Exercise data Block Start

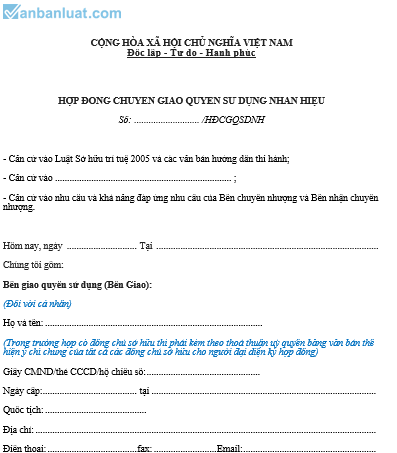 Bên Giao bằng văn bản này chuyển giao cho Bên Nhận quyền sử dụng nhãn hiệu tại .................. cho sản phẩm đã được đăng ký theo số đơn ............ nêu trên và Bên Nhận bằng văn bản này tiếp nhận quyền sử dụng nhãn hiệu theo đúng phương thức quy định trong Hợp đồng này.
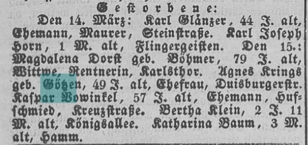 It says: Died: Agnes Krings nee Götzen, 49 years old, wife, Duisburger Street. Andreas died in the year 1871.
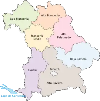 A Baviera contemporânea também inclui partes das regiões históricas da Francônia e da Suábia, além de Altbayern.
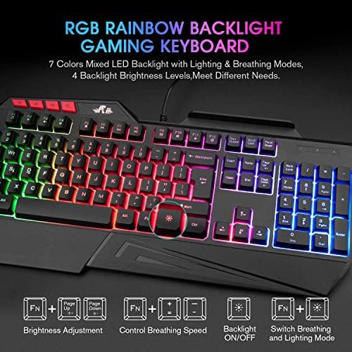 Rii RK202 RGB Gaming Keyboard Multiple Color Rainbow LED Backlit USB Wired Gaming Keyboard with Wrist Rest for Windows & Mac PC Gamers (Black)

Exercise data Block End

▶ Your goal
Return the whole of the material above exactly, with no picture carried over.

▶ Answer to this task
 Bên Giao bằng văn bản này chuyển giao cho Bên Nhận quyền sử dụng nhãn hiệu tại .................. cho sản phẩm đã được đăng ký theo số đơn ............ nêu trên và Bên Nhận bằng văn bản này tiếp nhận quyền sử dụng nhãn hiệu theo đúng phương thức quy định trong Hợp đồng này.
 It says: Died: Agnes Krings nee Götzen, 49 years old, wife, Duisburger Street. Andreas died in the year 1871.
 A Baviera contemporânea também inclui partes das regiões históricas da Francônia e da Suábia, além de Altbayern.
 Rii RK202 RGB Gaming Keyboard Multiple Color Rainbow LED Backlit USB Wired Gaming Keyboard with Wrist Rest for Windows & Mac PC Gamers (Black)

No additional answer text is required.